Un supporto costante che ha fatto la differenza nella risposta israeliana all’attacco di Hamas di ottobre 2023 e nell’offensiva a Gaza. In ogni caso, gli aiuti militari statunitensi non si sono mai interrotti e anzi l’amministrazione Usa ha autorizzato un altro pacchetto di aiuti militari dal valore di oltre 6 miliardi di dollari, raddoppiando gli aiuti bellici del 2025. Subito dopo gli Stati Uniti troviamo la Germania, che tra il 2020 e il 2024 ha fornito a Israele circa un terzo delle armi usate dal Paese, arrivando a rappresentare il 33% dell’export di armi, contro il 5,9% del 2016. Un obbligo insito nella “ragion di Stato” tedesca cui Berlino non intende sottrarsi nonostante la pressione e la causa pendente presso la Corte internazionale di giustizia.
Ecco dov’è l’Italia
L’Italia è al terzo posto tra i maggiori fornitori di armi a Israele, ma grazie (o a causa) della predominanza americana e tedesca rappresenta solo l’1% dell’import israeliano di armi.

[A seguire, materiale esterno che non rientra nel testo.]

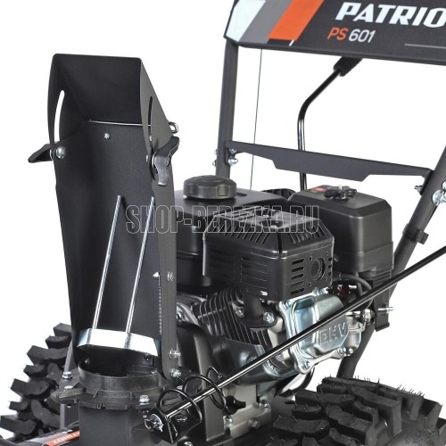 PATRIOT 426108601 PS 601 7 л.с ,стартер ручной, ковш 56см.; колеса 13х4,1-6 зимние; Вес, кг 60 Двигатель Patriot 168 F Емкость топливного бака, л 3 Max дальность выброса, м 10 Габариты, мм 1200х750х930 Диаметр шнека, мм 250 Тип двигателя 4-х тактный Стартер ручной Электростартер с питанием от бортового аккумулятора нет Наличие фары нет Разблокировка колес нет Самоходный да Система шнеков двухступенчатая Тип передвижения колесный Мощность (Вт) 4782 Мощность (л.с.) 6,5 Высота ковша, см 40 Ширина ковша, см 56 Подогрев ручек нет Модель двигателя 168 F Свеча зажигания A7RTC Скорости 5 вперед/2 назад Объем двигателя, см 196 Шнек металлический Обрезиненный шнек нет Угол поворота желоба для выброса снега, град 190 Щетка в комплекте нет Вес, кг: 57,00 Длина, мм: 582 Ширина, мм: 746 Высота, мм: 621

Anche per il Belpaese, tuttavia, non c’è alcuna intenzione di interrompere gli aiuti. Nonostante ciò, le autorizzazioni alle esportazioni di armi a Tel Aviv sono state sospese dalla proclamazione dello stato di guerra, dichiarato il 7 ottobre 2023, lasciando in essere alcune licenze autorizzate prima di questa data e giudicate incompatibili con l’attacco dei civili (con tanto di consegna delle armi durante la guerra). Rapporti non comunque trascurabili, visto che nel 2024 tra le armi e le munizioni l’Italia ha esportato merci in Israele per oltre 5 milioni di euro.
L’Italia, piuttosto, continua a importare massicciamente armi da Tel Aviv. Un comportamento formalmente corretto, visto che si deve guardare all’uso delle armi e non alla loro provenienza, ma che ha fruttato a Israele circa 155 milioni di euro. Come se non bastasse, l’Italia ha infatti aumentato le importazioni, peraltro proprio per garantire la sicurezza nazionale in questo fragile contesto politico, tanto che Israele è passato in un anno dalla settima alla seconda posizione come fornitore di armi a Roma.
Nessun Paese europeo può finora garantire un embargo effettivo, ma Stati come la Spagna, la Francia e il Regno Unito stanno compiendo sforzi effettivi ed evidenti in tal senso. I rapporti commerciali continuano e riguardano anche materiali bellici, ma la differenza rispetto all’epoca precedente alla guerra è abissale. L’Italia, al contrario, ha intensificato gli scambi.